Leading Article: Why Thorp issues must go public
HIGH IN the concrete awfulness of the Department of the Environment, John Selwyn Gummer is wrestling with his conscience. Together with Gillian Shephard, the Agriculture Secretary, he has to decide whether to give the go-ahead to the Thorp reprocessing plant. The issues at stake are immense, enough to trouble a man with much more stunted moral sensitivities.
Unfortunately, Mr Gummer's is a private travail. It is 16 years since these issues were weighed in public, at the 100-day-long Windscale inquiry. The inquiry's report, which allowed the pounds 2.8bn plant to be built, was controversial then: it is entirely discredited now. Thorp was approved to extract plutonium and uranium for re-use in fast-breeder reactors, and to make it easier to dispose of nuclear waste. But fast-breeders have been abandoned, the world is awash with unwanted plutonium and uranium, and the Government's own advisers say there is no need for Thorp.
There are arguments for the plant. It would provide much-needed employment in West Cumbria and pile up a lot of Japanese yen to assist the balance of payments.
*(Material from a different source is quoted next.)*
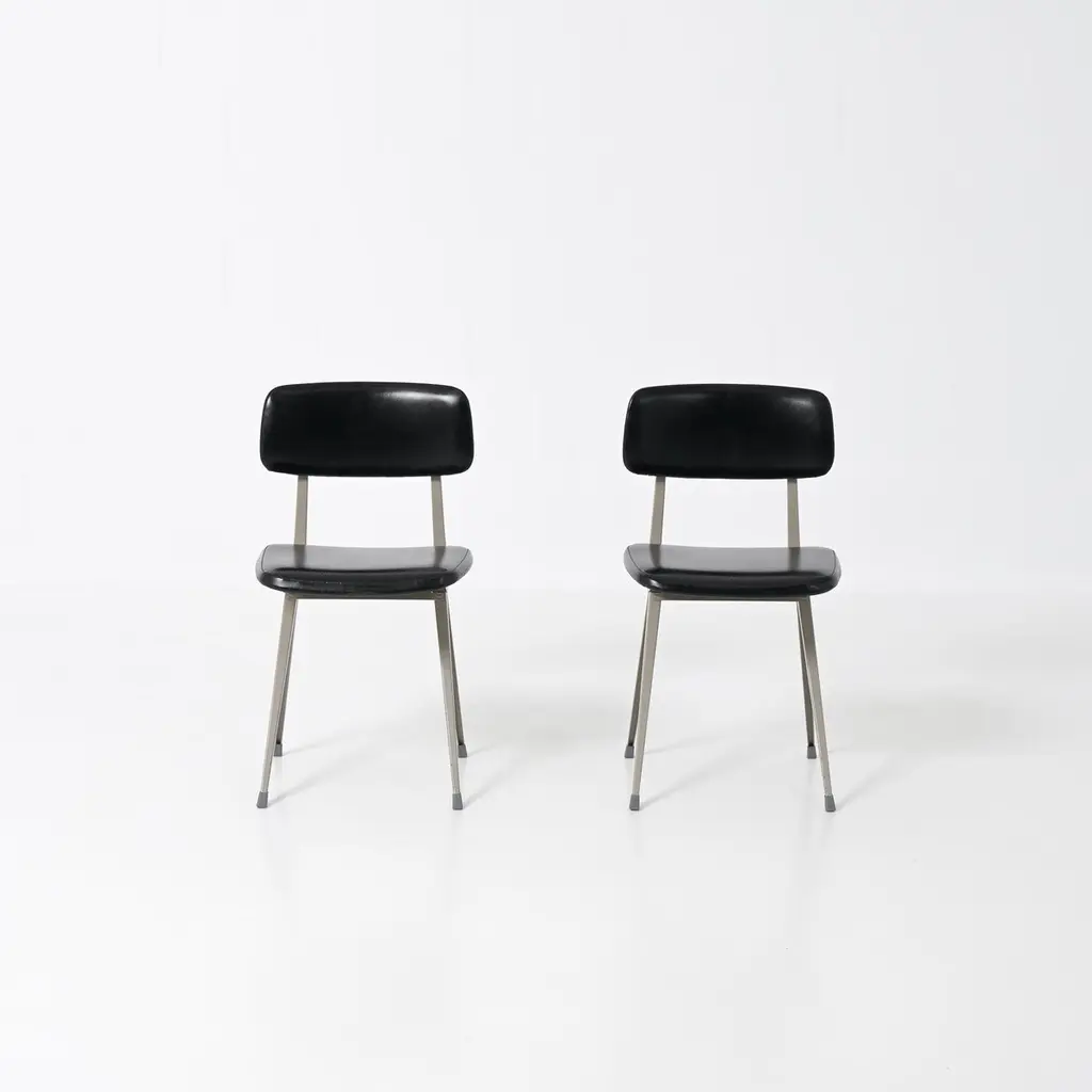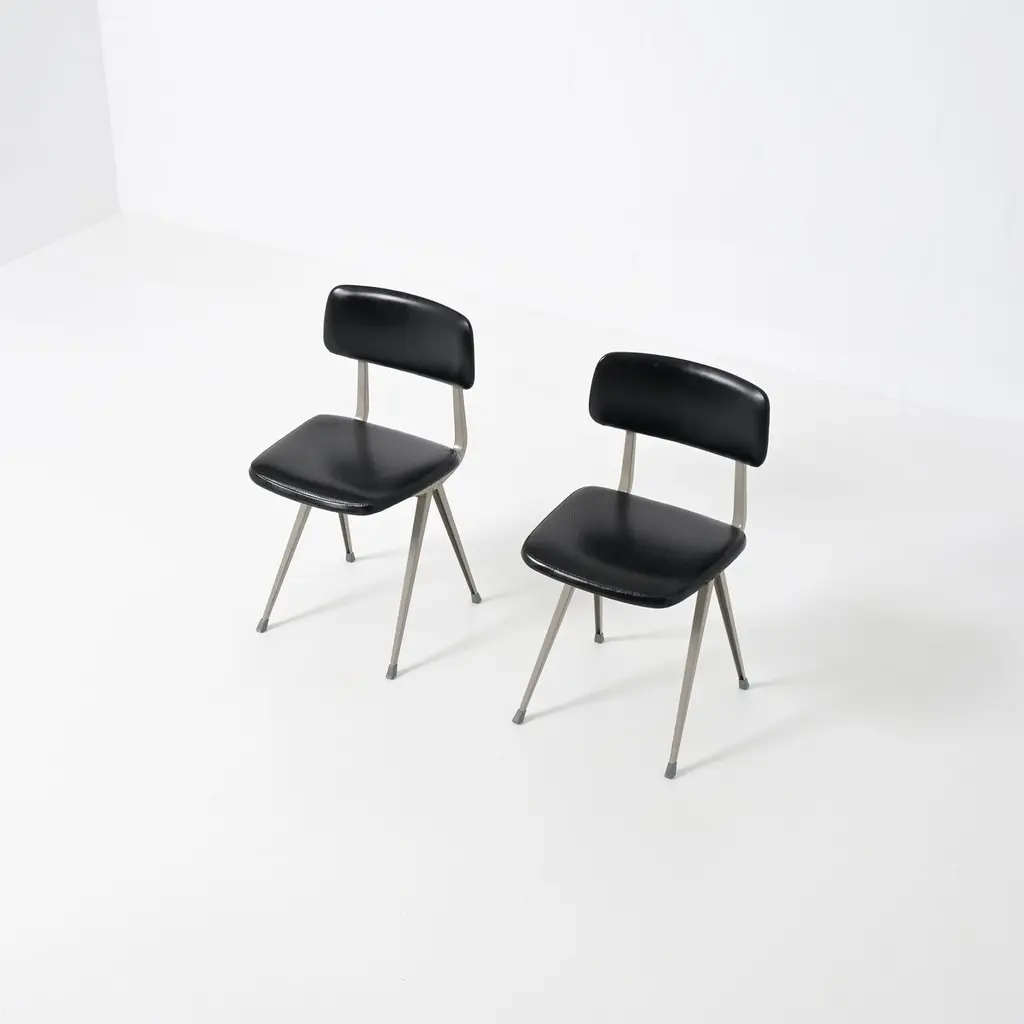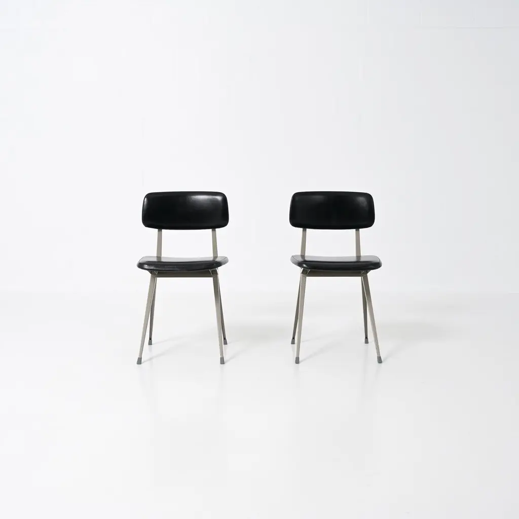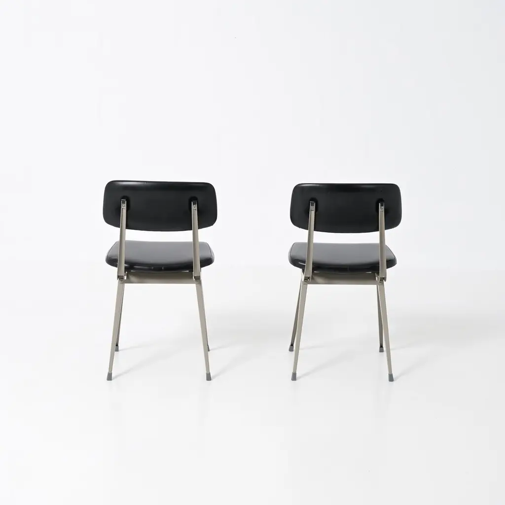 The industrial Result chair Result was designed by Friso Kramer and Wim Rietveld for Ahrend de Cirkel in 1958.This chair is from the first series. It has a grey sheet steel frame and a leatherette seat and back.This chair is in good condition. Take a look at all detail pictures.Lit.: Brentjens, Yvonne, De stoel van Friso Kramer/ Friso Kramer’s Chair, nai010 uitgevers/publishers, p. 110, p. 128.

But it will also raise electricity prices, increase pollution (causing, over a long time, hundreds of extra deaths in the world), and greatly increase the risk of the spread of nuclear weapons.
By law and custom, ministers must establish that the benefits outweigh the perils. This is not being seen to be done. Even the economic study that, we are assured, shows Thorp to be viable is being kept secret. The honest and honourable course for ministers would be to hold another public inquiry so that the arguments can be aired and weighed openly.